You wouldn't come up with the same excuse given the following information:
1. You're standing in front of a group of people who consider you the expert.
2. You stand to gain a lot from forced backdoors and the job for your agency becomes far easier.
3. You have almost zero chance of being punished for lying through your teeth.
What would you have said? Personally I would have come up with the exact same thing and sugar coated it by saying all terrorists use all American technology.
That you audit the compiler first is a given. I mean, no later than this it's a given that the first thing you do when auditing source code is auditing the compiler for it.
We used to have a Bill of Rights. Now, with the rights gone, all we have left is the bill.
Encryption Routines created by people who are not American
- AES (Rijndael)
- IDEA
- Serpent
Hashing Routines created by people who are not American
- SHA-3 (Keccak)
So the Current Encryption Standard and Future Hashing Standards in the US were created by non-American's, but hey, "non-American solutions are simply 'theoretical.'"
You have to be not actually dumb to get high up in government. But you do have to have a certain capacity to believe in the institutional lies, or at least repeat them as if you mean them. They still institutionally believe in a rather simplistic device to the point that gaming the thing is a criminal offence, for example.
More to the point, this here is politics in action. He is furthering an agenda in front of an audience that made this agenda-pushing their day-and-night jobs, but who do not necessarily have any clue whatsoever about what goes on under the veneer of the nice words from the very respectable chief of this here government outfit reporting to congress. So he's basically daydreaming his "truth" into existence. If he can get it enacted in law, he has won.
* Quiz: What other organisation institutionally believes in an unproven, even outright silly, bullshit device based on similar principles?
Another article has more of the exchange:
Let's allow the assumption that American companies currently dominate the encryption field. We'll say that's true. How long would that dominance that last if foreign companies used strong encryption and American companies used hobbled encryption left vulnerable to the American government and hackers? Thank goodness for Warner and Wyden for pointing out how idiotic Brennan 's assertion was.
My sci-fi novel, Ghost Thief, is now available from Amazon.com.
The AES encryption algorithm is Rijndael, which is Belgian
The runner-up for the contest for becoming the AES standard was Serpent, which was a British/Danish/Israeli collaboration.
Third place went to the Twofish algorithm, designed by Bruce Schneier, a US citizen who happens to be a vocal opponent of backdoors.

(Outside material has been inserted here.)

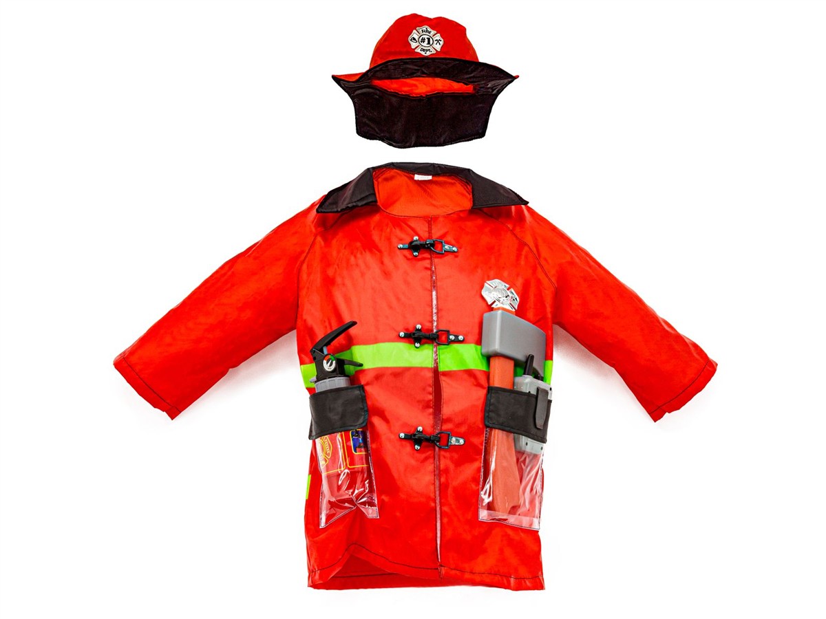 Aby nikt nie miał wątpliwości, że ma przed sobą najprawdziwszego, dzielnego strażaka, kostium i kask posiadają wspaniałą odznakę.

The "main" encryption du jour happens to be from outside the USA. The best alternative is also from outside the USA. Of course, the nationality of the creators doesn't matter - the USA is able to make modified implementations that include backdoors, but the original non-backdoored versions are already out there for everyone to use instead.
Im only aware of 4 countires, America,russia, china, and terrorizerstan. Clearly we must be the only smart people.